*** Opening THE DATA ***

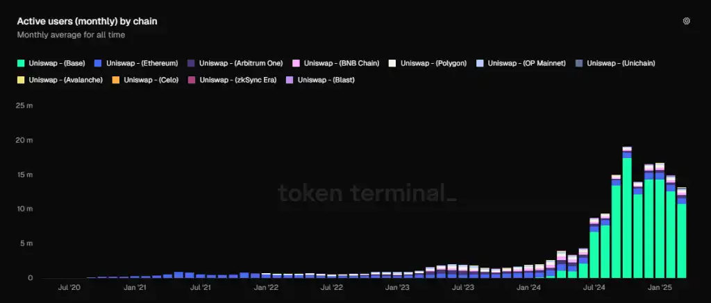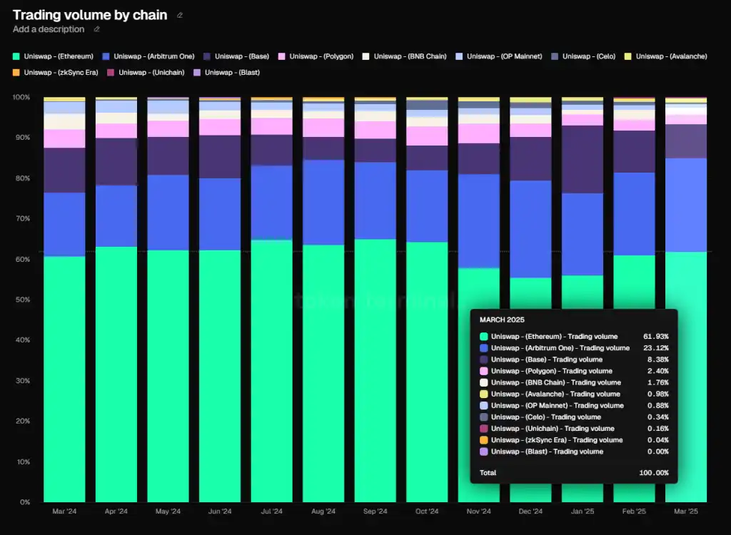 Uniswap 的月活跃地址数的多链分布,来源:tokenterminal
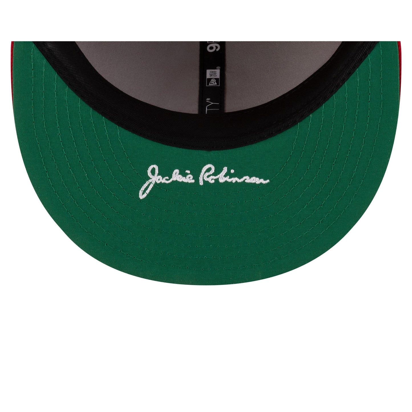 The Los Angeles Angels Jackie Robinson Day 2025 Retro Crown 9FIFTY Snapback features an embroidered Angels logo at the front panels with an MLB Batterman logo above a snapback closure at the rear. Additional details include a Jackie Robinson pin at the left panel and Robinson's embroidered signature on a green undervisor.
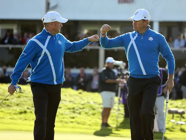 The American pairing got off to the perfect start when Johnson chipped in on the first but Europe responded immediately to get back to level after two holes.
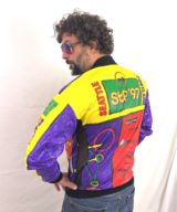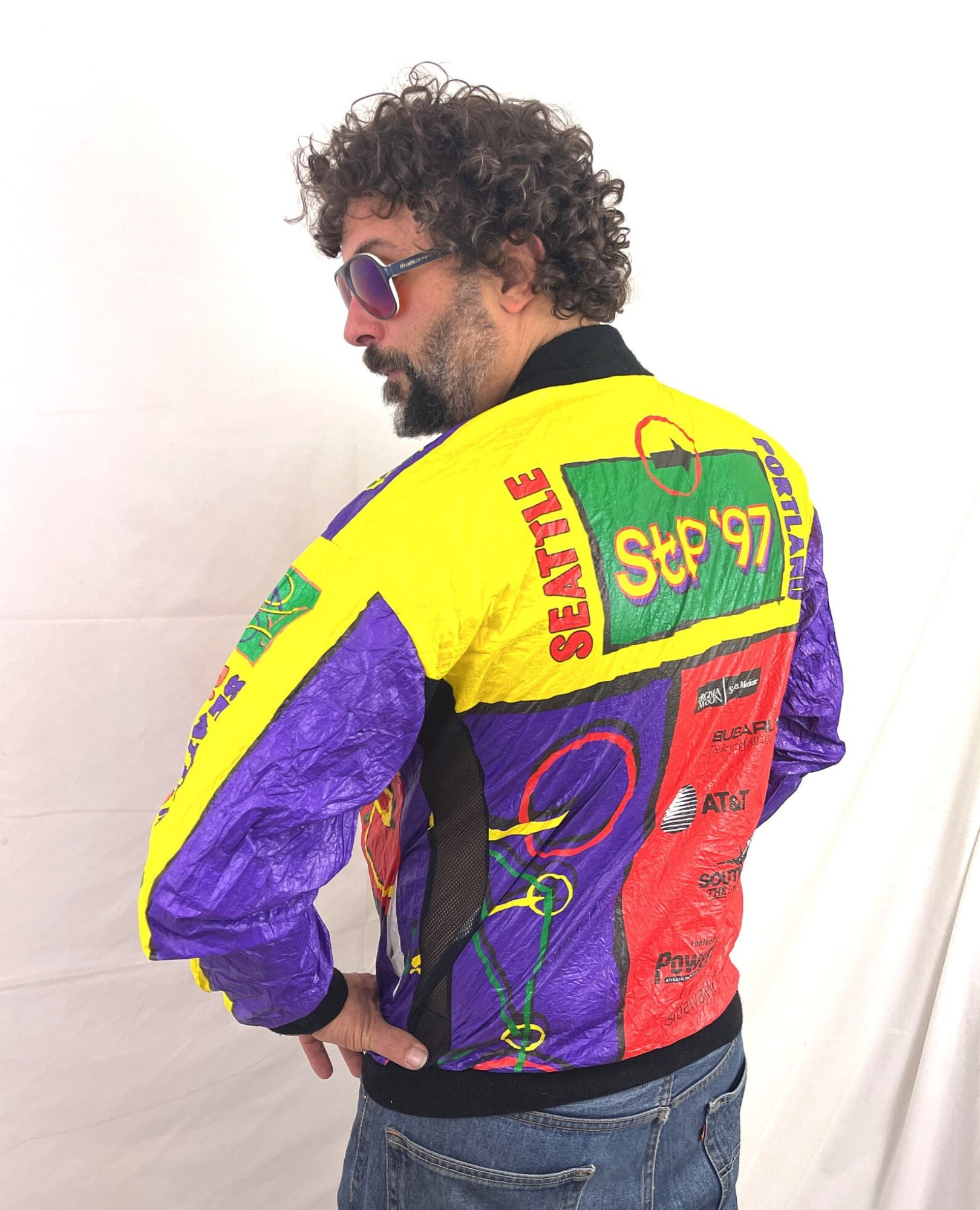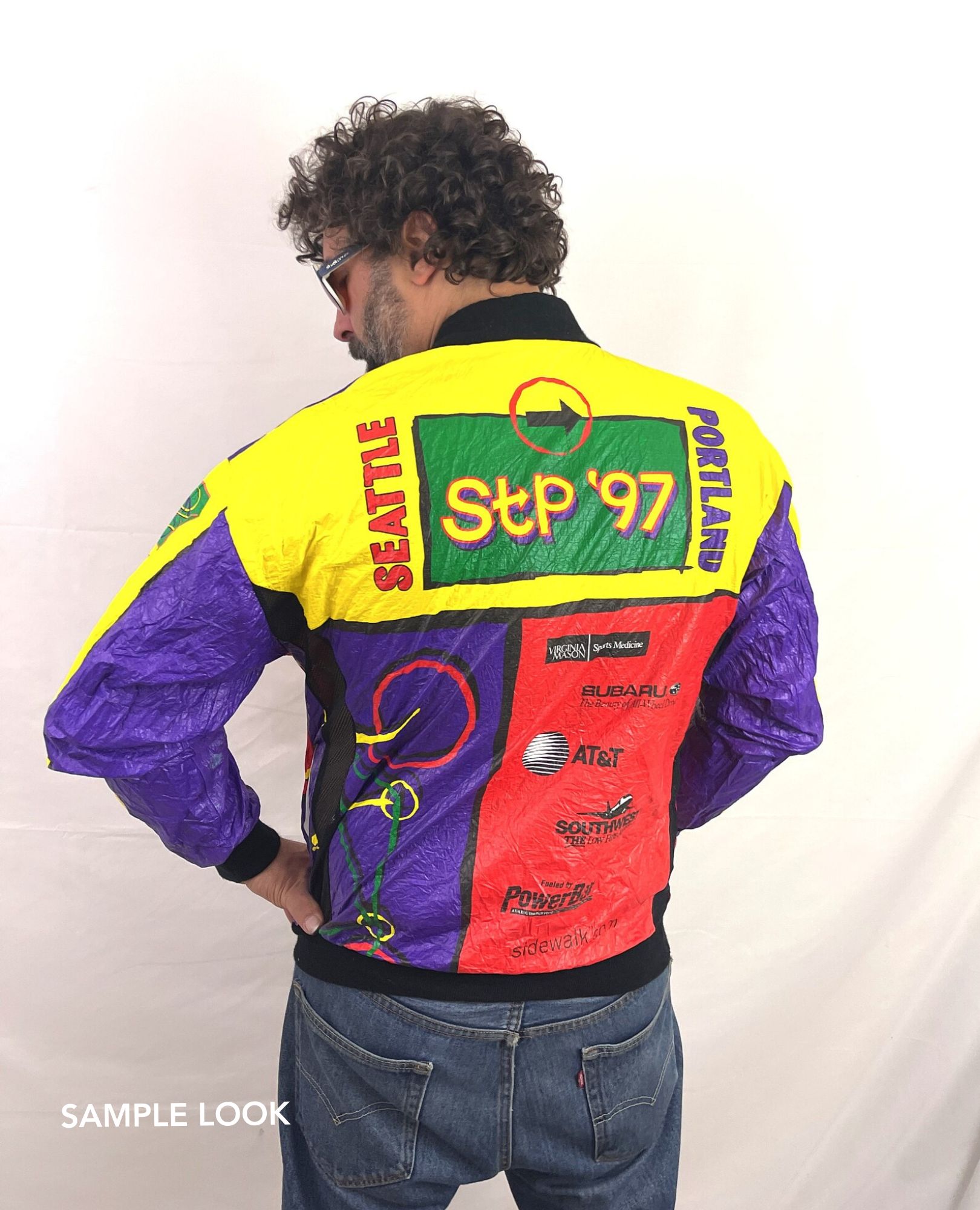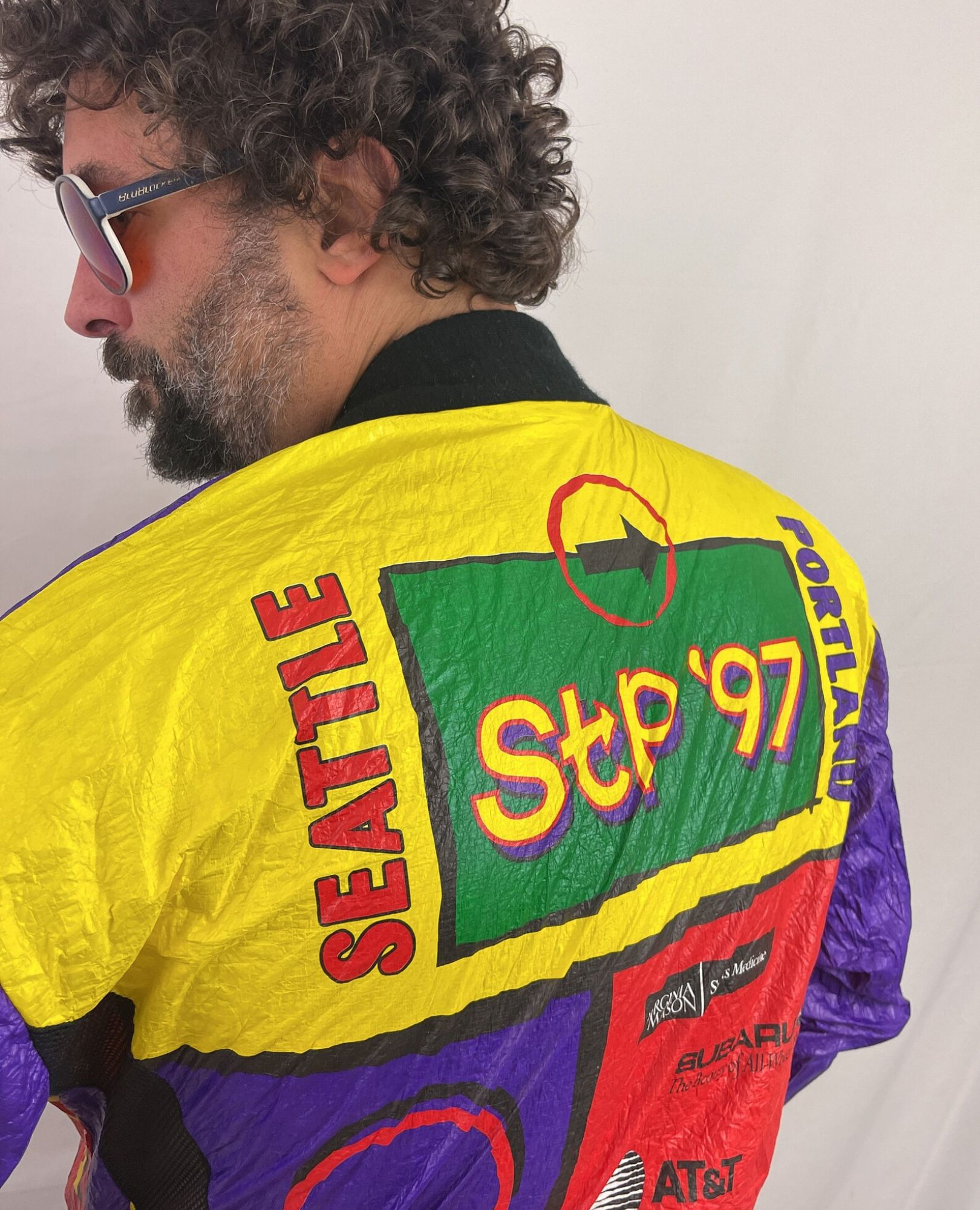 Score this ultra-lightweight, rugged Tyvek jacket from the 1997 Seattle-to-Portland bike race—feels like paper but stands up to adventure! In great vintage condition with a zipper front, XXL fit (25″ pit-to-pit, 30″ length, 25″ sleeves), and made in the USA. It’s a Seattle souvenir with that iconic Graphic Jackets tag.

*** Closing THE DATA ***

▶ [DIRECTIONS]: The answer should contain every line of the material exactly as written and no pictures.

▶ [EXERCISE RESPONSE]:
 Uniswap 的月活跃地址数的多链分布,来源:tokenterminal
 The Los Angeles Angels Jackie Robinson Day 2025 Retro Crown 9FIFTY Snapback features an embroidered Angels logo at the front panels with an MLB Batterman logo above a snapback closure at the rear. Additional details include a Jackie Robinson pin at the left panel and Robinson's embroidered signature on a green undervisor.
 The American pairing got off to the perfect start when Johnson chipped in on the first but Europe responded immediately to get back to level after two holes.
 Score this ultra-lightweight, rugged Tyvek jacket from the 1997 Seattle-to-Portland bike race—feels like paper but stands up to adventure! In great vintage condition with a zipper front, XXL fit (25″ pit-to-pit, 30″ length, 25″ sleeves), and made in the USA. It’s a Seattle souvenir with that iconic Graphic Jackets tag.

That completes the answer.